Please retype the data below exactly, stopping after the line with "The Cockerell and" and skipping every picture.

» Dataset section:
=== Section Start ===

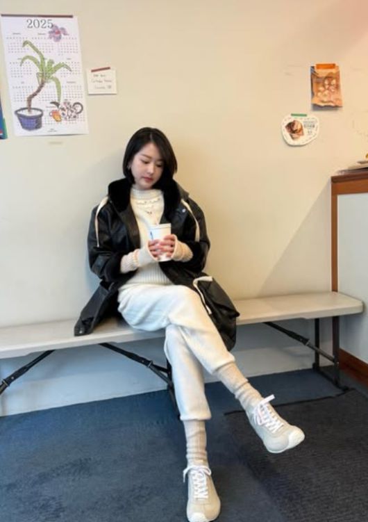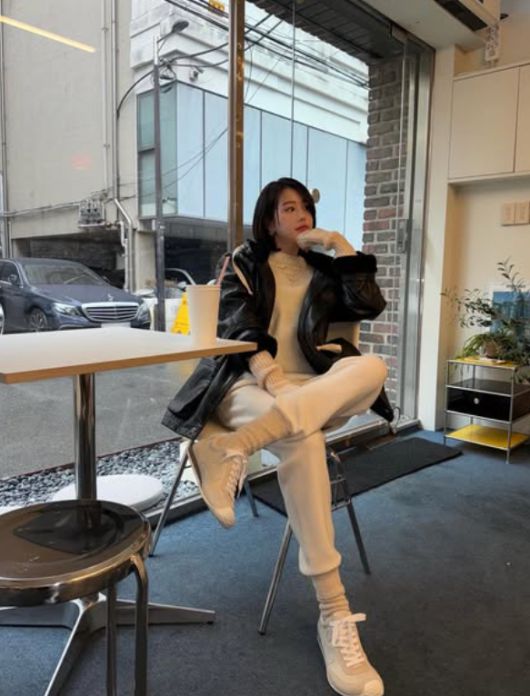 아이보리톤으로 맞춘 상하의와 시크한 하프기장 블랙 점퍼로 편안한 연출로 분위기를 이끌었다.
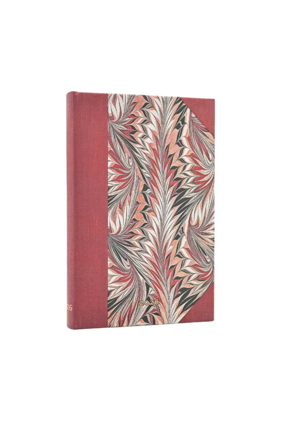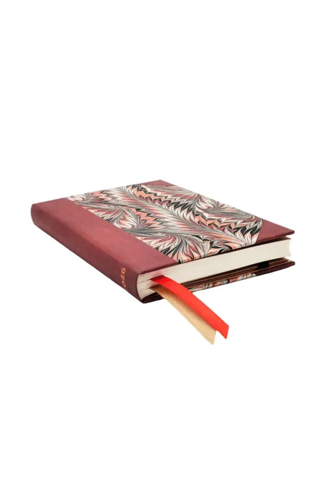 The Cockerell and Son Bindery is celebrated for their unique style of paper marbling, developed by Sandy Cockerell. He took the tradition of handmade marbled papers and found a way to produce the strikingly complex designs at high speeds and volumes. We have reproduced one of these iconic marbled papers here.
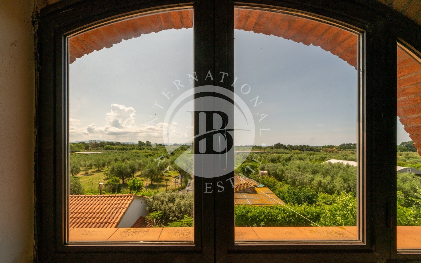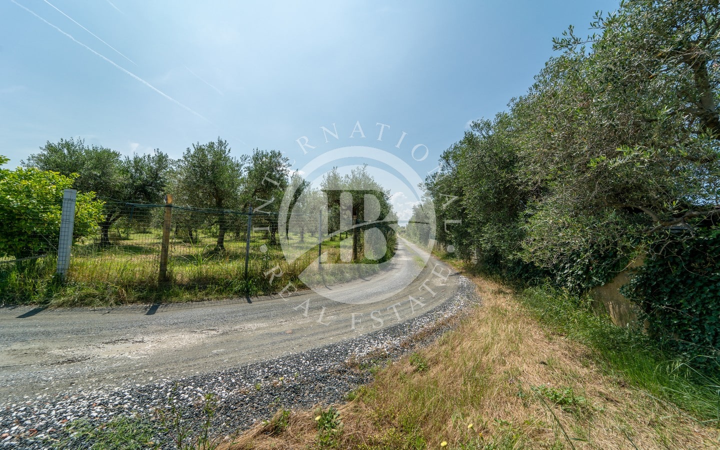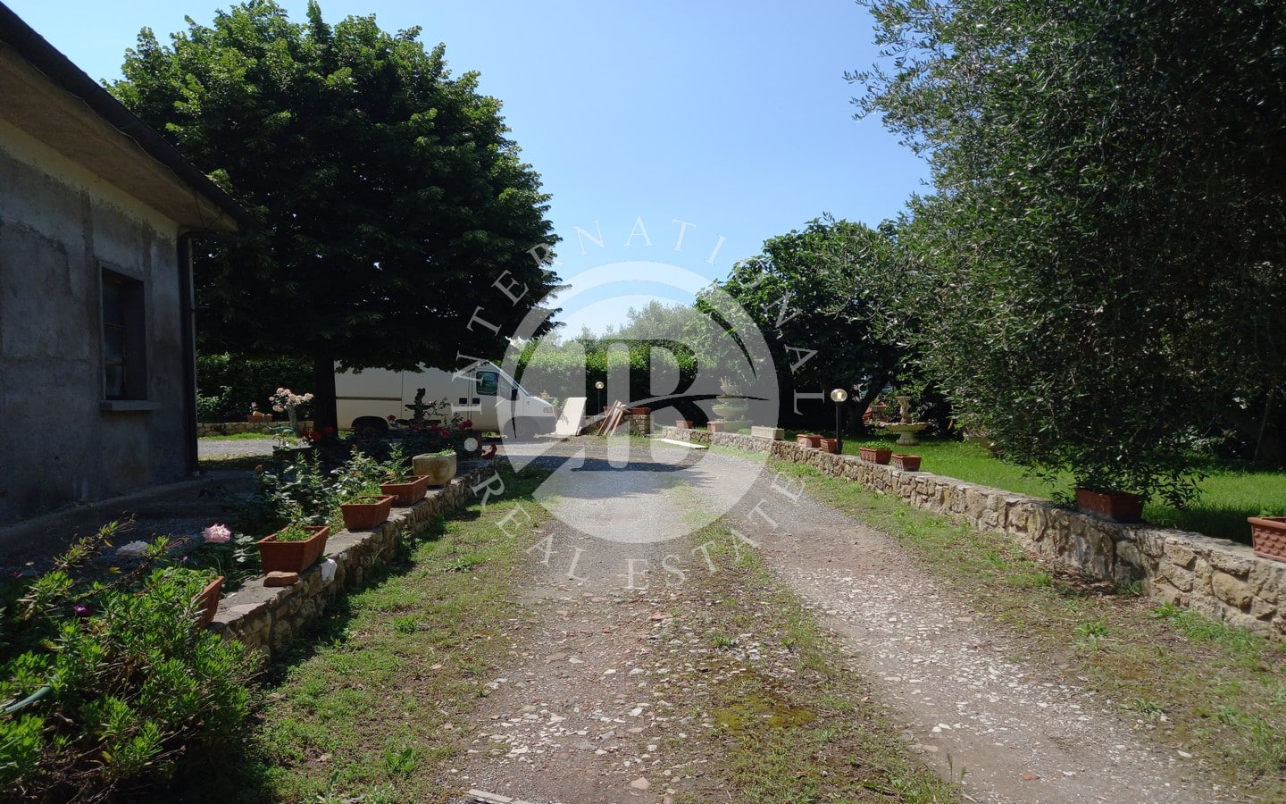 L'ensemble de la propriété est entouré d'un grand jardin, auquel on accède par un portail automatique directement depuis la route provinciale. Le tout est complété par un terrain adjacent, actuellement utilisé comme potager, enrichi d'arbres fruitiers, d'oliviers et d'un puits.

=== Section End ===

» Task answer:
 아이보리톤으로 맞춘 상하의와 시크한 하프기장 블랙 점퍼로 편안한 연출로 분위기를 이끌었다.
 The Cockerell and Son Bindery is celebrated for their unique style of paper marbling, developed by Sandy Cockerell. He took the tradition of handmade marbled papers and found a way to produce the strikingly complex designs at high speeds and volumes. We have reproduced one of these iconic marbled papers here.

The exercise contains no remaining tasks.